Lol, i am glad they don’t think that way when they revision potential security issues in things like openssl or chrome which have been in the market for longer than airtable and with way more users. Just because you haven’t found a problem in a long time it doesn’t prove that the product is free of defects (or opportunities for improvements if we want to call them that way).

To be clear, i am not trying to take the piss on airtable. On the contrary, i think it’s a great product which deserves the success it has. And that’s the precise reason way i think it’s important to tackle this kind of things.

I am not getting paid to spend my time reporting this stuff, but it’s the responsible thing to do, so I’d appreciate if we could have a slightly more mature conversation here…

Thanks

No-one on this thread is getting paid for being here.
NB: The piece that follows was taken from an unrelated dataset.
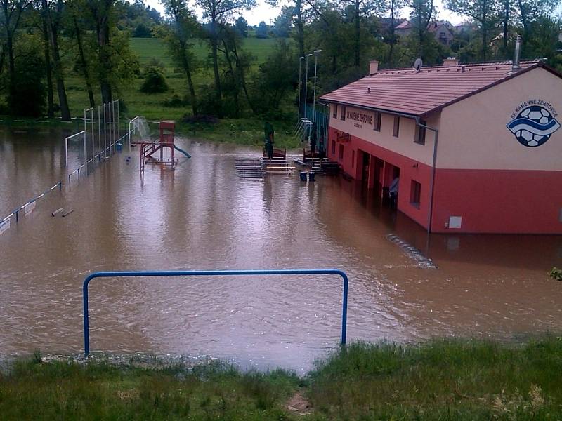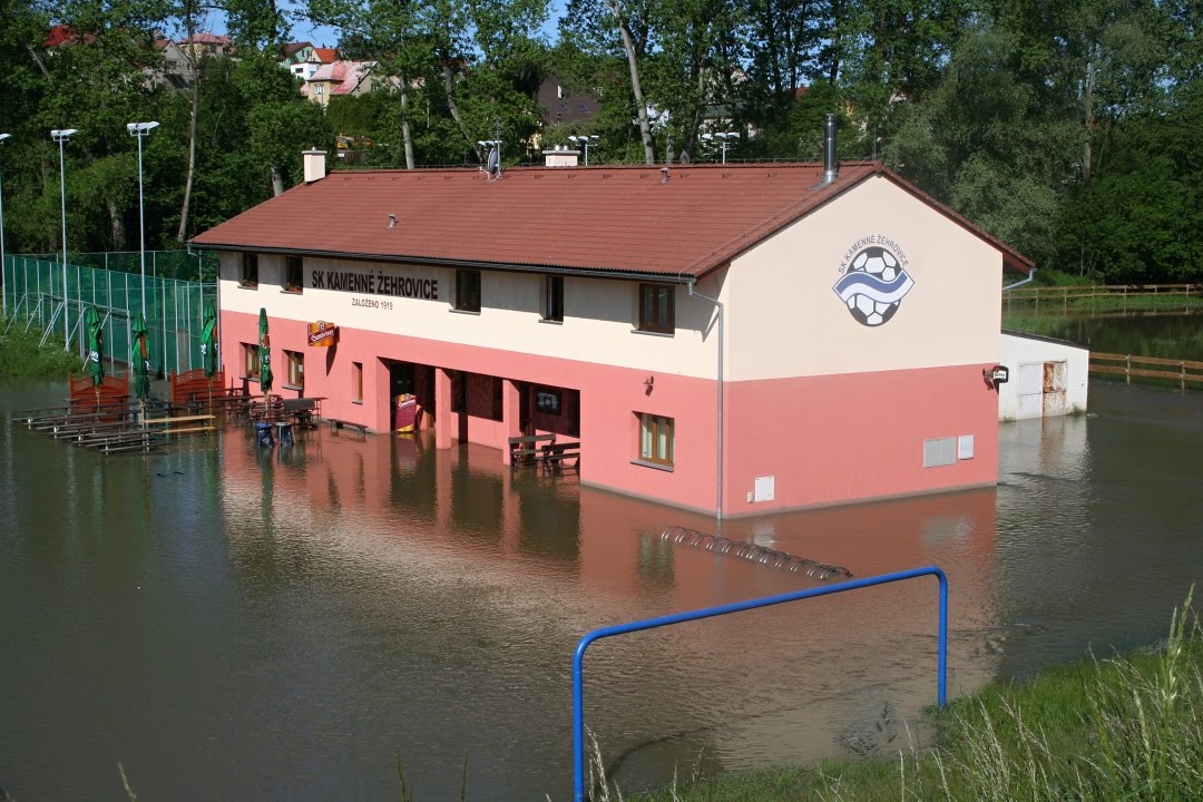Poslední větší povodně postihly Kamenné Žehrovice v důsledku rychlého tání v lednu roku 2011 a následně během intenzivních dešťů v červnu roku 2013. V zatopené oblasti byly postiženy budovy zajišťující nejen sportovně-rekreační funkce, ale sloužící i jako zázemí mateřské školky Kamínek, která byla nucena se přestěhovat do náhradních prostor v tzv. Dělnickém domě. Při povodni v minulých letech došlo k vytvoření rozsáhlé laguny, která sahala od začátku sportovního areálu až k samotným hranicím obce. Došlo k zatopení sportovního areálu, ale i doprovodné infrastruktury jako je dětské hřiště, příjezdové cesty atd. K menším rozlivům došlo při soutoku potoka Jordán a Loděnice, bylo zde materiálně poškozeno zahradnictví Franc.

However, this community forum is not the best place to report changes you want in the product. There is no guarantee that anyone from Airtable will read a particular thread. If you want to be sure that someone at Airtable will read your comments, I recommend contacting support.

On the other hand, if you want to share your experiences with other user and explain how you have handled the situation, this forum is an excellent place where many people share information.

It sounds like you hav written your own escape function. Is it something like this?

const sanitizedCodeFromUser = dirtyCodeFromUser.replace("'", "\'")
const formulaBeforeEncoding = `{code} = '${sanitizedCodeFromUser}'`

While the concept of an injection attack is real, it is the responsibility of the person writing the code that includes user input to sanitize that user input. The REST API trusts the formula provided because the request came with valid credentials. Due to the nature of an injection attack, the language cannot protect against this type of attack by itself.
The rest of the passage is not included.